La reforma laboral aprobada por el Congreso de la República en 2025 introdujo cambios en contratación, recargos salariales y acceso a protección social, en una de las discusiones legislativas más relevantes del actual periodo de Gobierno Nacional.
El proyecto avanzó tras varios meses de debate y concertación política liderada desde el Ministerio del Interior, bajo la coordinación de Armando Benedetti.
La nueva normativa fijó el contrato a término indefinido como mecanismo principal de vinculación laboral, con el propósito de ampliar la estabilidad de los trabajadores y reducir la temporalidad en distintas actividades económicas.
El Gobierno Nacional planteó esta medida como una herramienta para fortalecer la seguridad económica de los hogares colombianos.

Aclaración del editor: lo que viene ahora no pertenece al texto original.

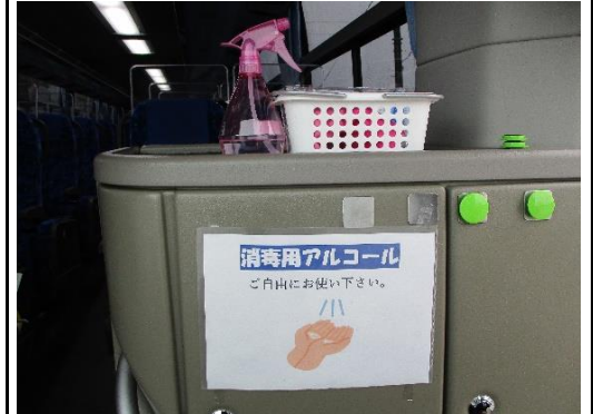
【4.消毒液の常備装備】
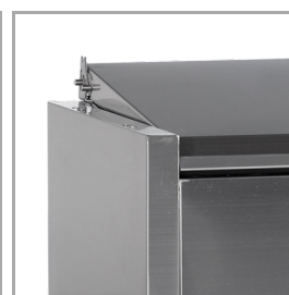
Roestvast stalen deksel voor bescherming van voedsel
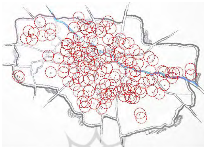
شکل (۶). نقشه‌ی فضای شنیداری با وضوح تقریبی (فاصله‌ی

۵۱۲متری) از صدای مساجد در دارالسلطنه‌ی تبریز
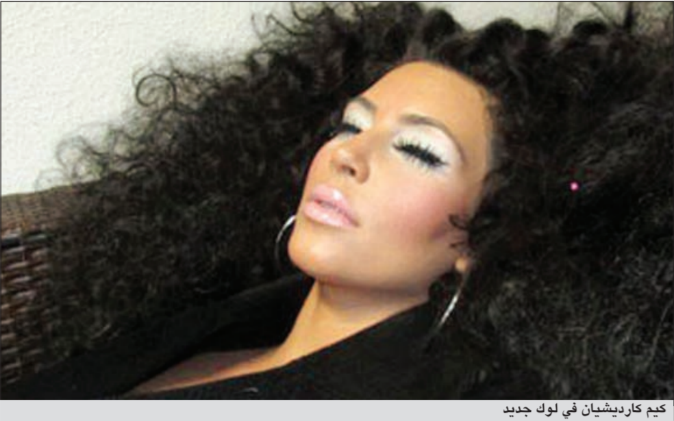
كيم كارديشيان في لوك جديد
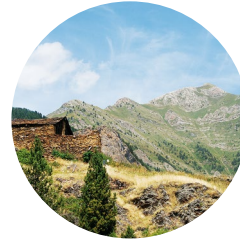
Alt de La Capa
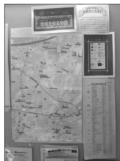
「地域を知る地図」(佐須分館)

地図に載せられない情報は「周辺施設一覧表」にまとめ、施設のリーフレットやパンフレットとともに「まちの施設ガイド」にファイルしています。
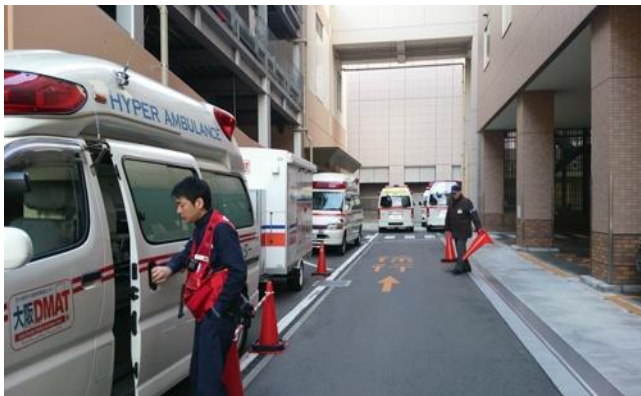
ODCC（大阪府災害コントロールセンター）からの指示により参集拠点の多根総合病院へ
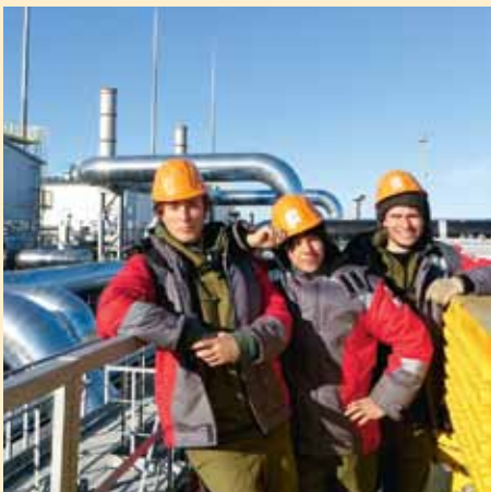
Стройотрядовское лето — в памяти многих поколений политехников
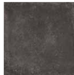
J84020 34x34 (13 1/2"x13 1/2")
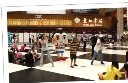
台北車站總是人潮滿滿，連阿伯都來一起跟保弟熱舞，提醒大家定期做篩檢，及早發現及早治療！

2016年，本會推出全新口號「防癌五保庇」，號召民眾共同施行五大防癌行動：正確飲食、規律運動、體重控制、拒菸酒檳、定期篩檢，要讓民眾身體力行一起防癌！並創作一吉祥物保弟，以戴上三太子頭套的小學生，象徵民眾防癌知識大多不足，但可以透過學習跟實踐精進提昇，維護自身健康預防癌症。今年暑假期間，更到捷運站快閃，保弟搭配生動的舞步與簡單明瞭的口號，更加貼近社會大眾，之後也會在校園、南投馬拉松跟大家見面，邀請大家一起防癌五保庇！
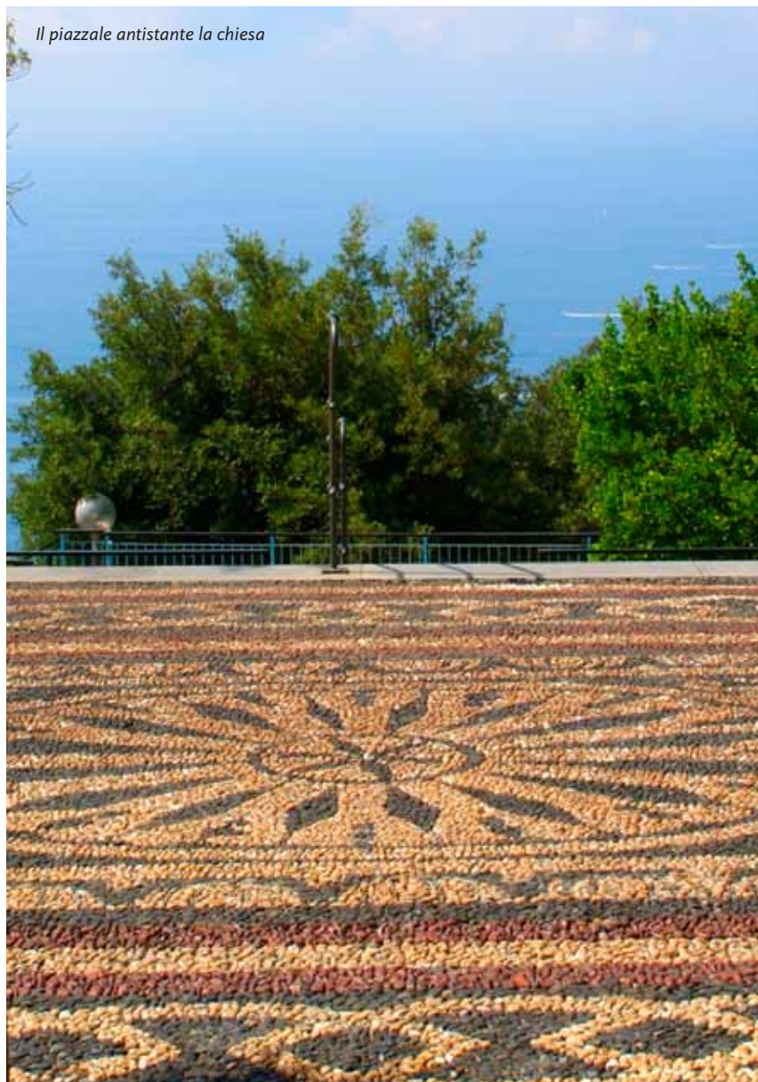
Il piazzale antistante la chiesa

chilometri di curve e controcurve della strada troppo stretta, ombreggiata, in alcuni tratti, dagli scuri boschi di castagno, o fiancheggiata, altrove, dai brevi terrazzamenti, le "fasce", coltivati a vigna o a olivo, sostenuti dagli alti muri in ardesia a secco, intravede solo poche case, spesso riparate e quasi nascoste dietro alte siepi, precedute da un vialetto, come se la tradizionale ritrosia dei liguri vietasse loro un troppo esplicito affacciarsi lungo la strada principale. Solo le case più recenti sono riparate da un cancelletto, per quelle antiche era, ed è tutt'ora, sufficiente garanzia di "privacy" la tortuosità del percorso e, soprattutto, la convinzione che nessuno abbia interesse o desiderio di accedervi.

Uno de los cambios con mayor impacto recae sobre el trabajo nocturno. La ley estableció que la jornada nocturna inicia a las 7:00 de la noche y ordenó un recargo del 35 % sobre cada hora trabajada desde ese momento. Sectores como comercio, vigilancia, salud, transporte y servicios concentran buena parte de los beneficiarios de esta disposición.
La reforma también modificó el pago por trabajo en domingos y festivos. El recargo pasó al 80 % en 2025, subirá al 90 % en 2026 y llegará al 100 % en 2027, según el cronograma aprobado en el texto legislativo.
El articulado incorporó garantías laborales para trabajadores de plataformas digitales, trabajadoras domésticas, madres comunitarias, mujeres rurales y personas cuidadoras, con acceso a salud, pensión y riesgos laborales.
La norma también formalizó la relación laboral de aprendices del Servicio Nacional de Aprendizaje (SENA) e incluyó subsidios de conectividad para teletrabajadores.